4. Housing shortages: Cities continue to be plagued with affordable housing shortages. Resuscitating and replacing dilapidated housing stock must become a priority if city neighborhoods are to thrive and support business.
5. Fear factor: The recent terrorist attacks have cast a shadow on big city life and suburbs are perceived as much safer gain.
Emerging Trends in Real Estate(r), the 62-page annual forecast published by PricewaterhouseCoopers and Lend Lease Real Estate Investments, makes these projections in its just released 2002 report, the first major industry outlook completed since the Sept. 11 terrorist attacks.
The top ten rankings of major U.S. cities for investment in 2002 are:
1. New York -- "Most supply constrained of all markets."
2. Washington, D.C. -- "Always a safe haven when the economy sags."
3. Boston -- "Financial district doesn't have room to grow... not enough construction to throw office market out of balance."
4. Southern California -- "Development activity never got hot enough to cause overbuilding."
5. Chicago -- "Downtown has held up 'surprisingly well' despite concerns about new office projects... but overall rents are softening."
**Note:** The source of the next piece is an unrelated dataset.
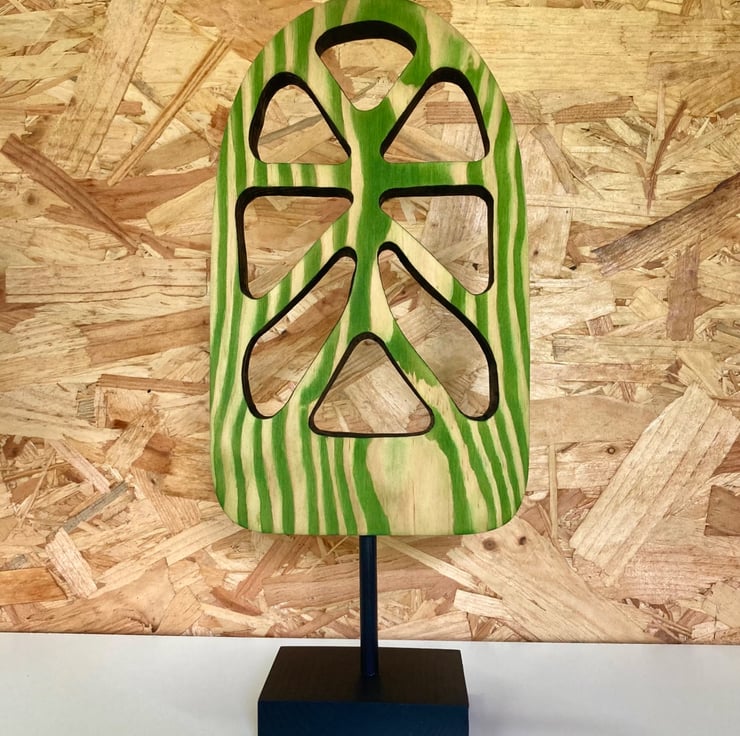 This abstract wooden sculpture is a one of a kind, produced by hand in the uk, designed to elevate your home.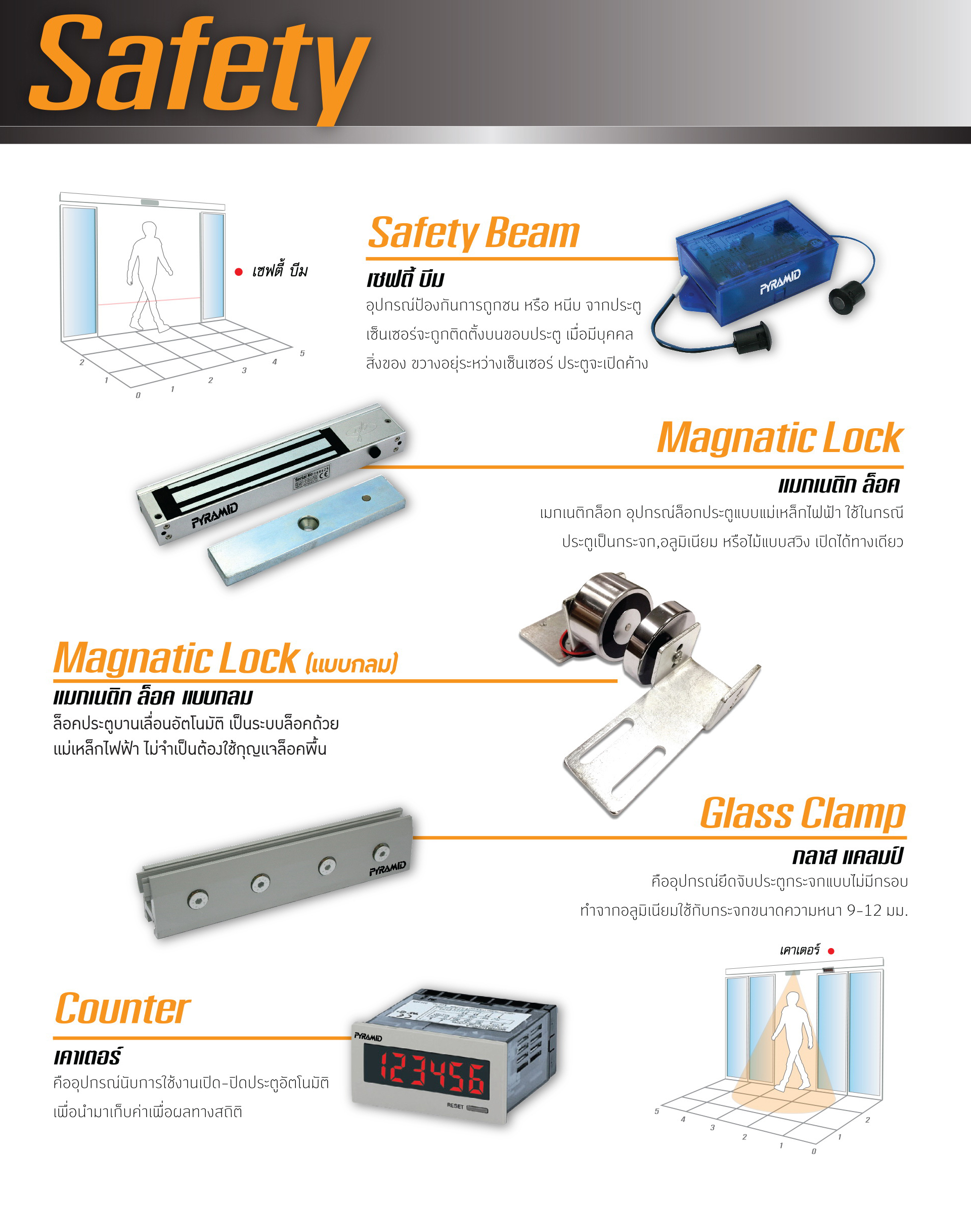 ใช้สำหรับหนีบกระจกบานเปลือย บานกระจกไม่ต้องเจาะรู ความยาว 24 เซนติเมตร 1 บาน/คู่ หากประตูกว้างเกิน 1.50 เมตร ต้องเพิ่มอีก 1 ชิ้น เพื่อช่วยเฉลี่ยน้ำหนักของบานประตูอัตโนมัติ

6. San Francisco -- "Sanity returns to this overheated market, but at a price... abrupt rent declines and the flood of sublease space."
7. Seattle -- "Despite recent hard knocks, this market has strong legs for longer-term growth... Investors like the geographic barriers."
8. Miami -- "Continues its transformation from a retirement community into a Latin business center."
9. Denver -- "Underlying growth control sentiment and Rocky Mountain environmentalism help investors rationalize that this agglomeration is somehow less wide open."
10. Philadelphia -- "Local economy is relatively well diversified and markets are somewhat supply constrained."
Now in its 23rd year, Emerging Trends in Real Estate(r) is published by PricewaterhouseCoopers and Lend Lease Real Estate Investments. Both companies provide research and executive insights into the Emerging Trends report.
Copies of Emerging Trends in Real Estate(r) 2002 are available for $95 by emailing emerging email@example.com or firstname.lastname@example.org. Alternatively you may call Susan Tromp, 631-2345143 or Bonnie White, 212-554-4168.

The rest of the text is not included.